#### REQUIRED ACTION
Every line below is to be set down again exactly; any image stays out.

== SUPPLIED MATERIAL ==

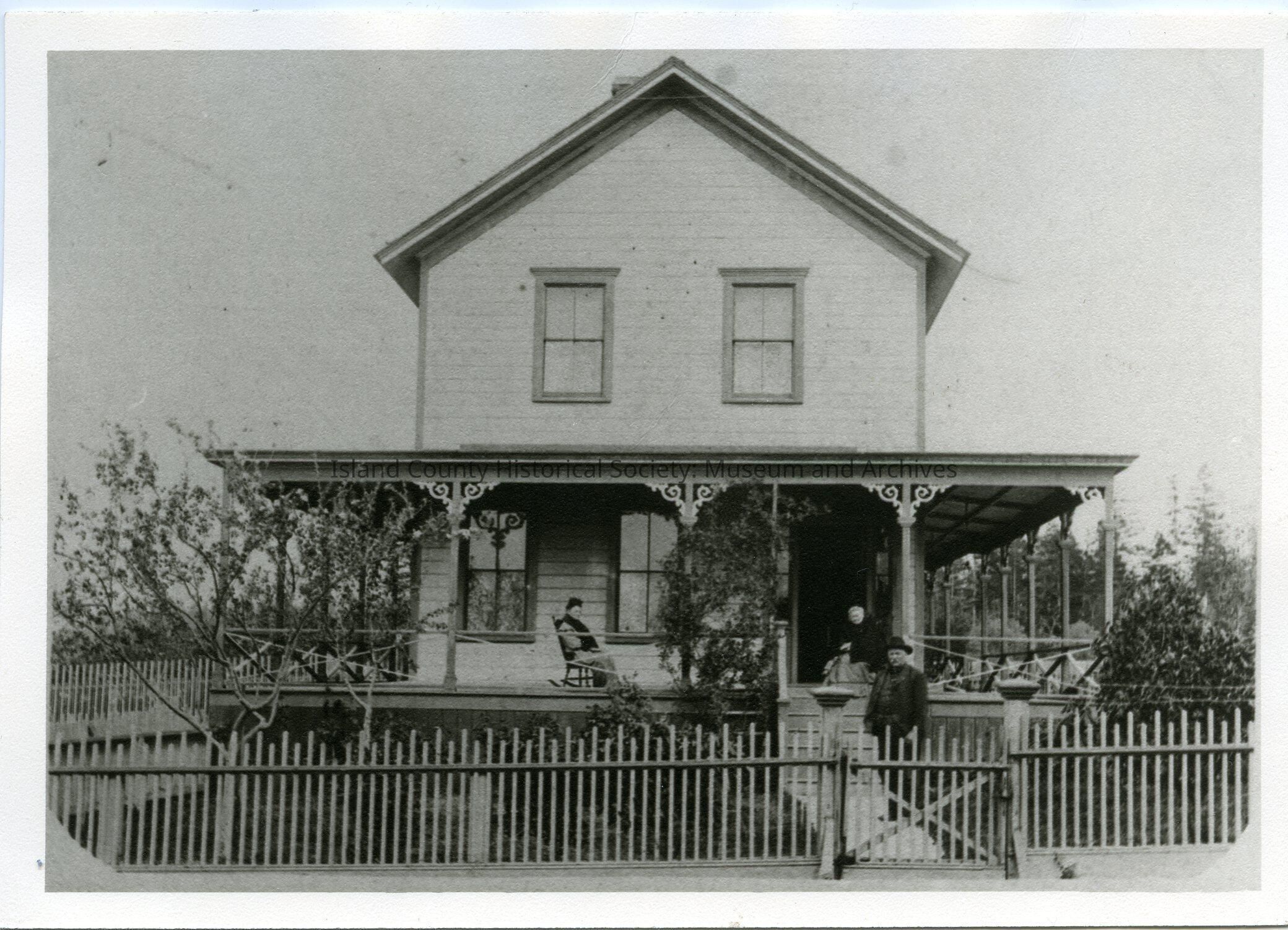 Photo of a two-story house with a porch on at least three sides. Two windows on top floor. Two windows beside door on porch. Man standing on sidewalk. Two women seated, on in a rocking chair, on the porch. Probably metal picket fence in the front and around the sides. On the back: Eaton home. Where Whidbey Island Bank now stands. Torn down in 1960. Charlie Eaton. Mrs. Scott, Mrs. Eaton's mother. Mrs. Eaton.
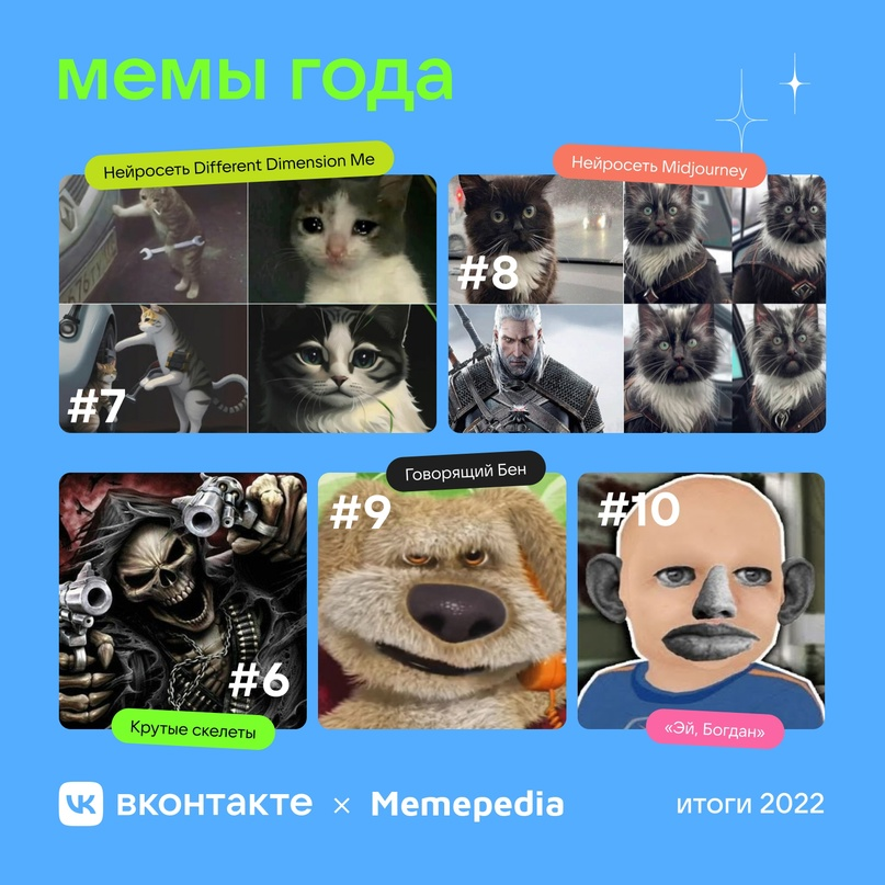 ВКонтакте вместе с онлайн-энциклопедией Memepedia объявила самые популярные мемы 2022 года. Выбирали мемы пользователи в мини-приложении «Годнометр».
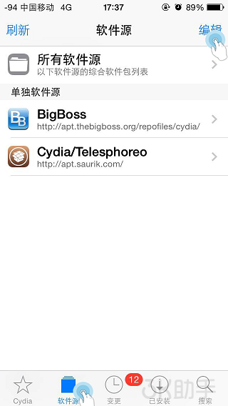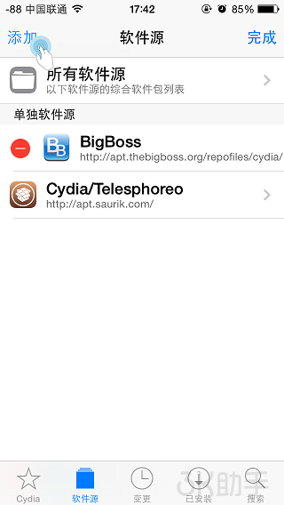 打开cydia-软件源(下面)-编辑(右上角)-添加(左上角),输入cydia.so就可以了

===

#### RESULT
 Photo of a two-story house with a porch on at least three sides. Two windows on top floor. Two windows beside door on porch. Man standing on sidewalk. Two women seated, on in a rocking chair, on the porch. Probably metal picket fence in the front and around the sides. On the back: Eaton home. Where Whidbey Island Bank now stands. Torn down in 1960. Charlie Eaton. Mrs. Scott, Mrs. Eaton's mother. Mrs. Eaton.
 ВКонтакте вместе с онлайн-энциклопедией Memepedia объявила самые популярные мемы 2022 года. Выбирали мемы пользователи в мини-приложении «Годнометр».
 打开cydia-软件源(下面)-编辑(右上角)-添加(左上角),输入cydia.so就可以了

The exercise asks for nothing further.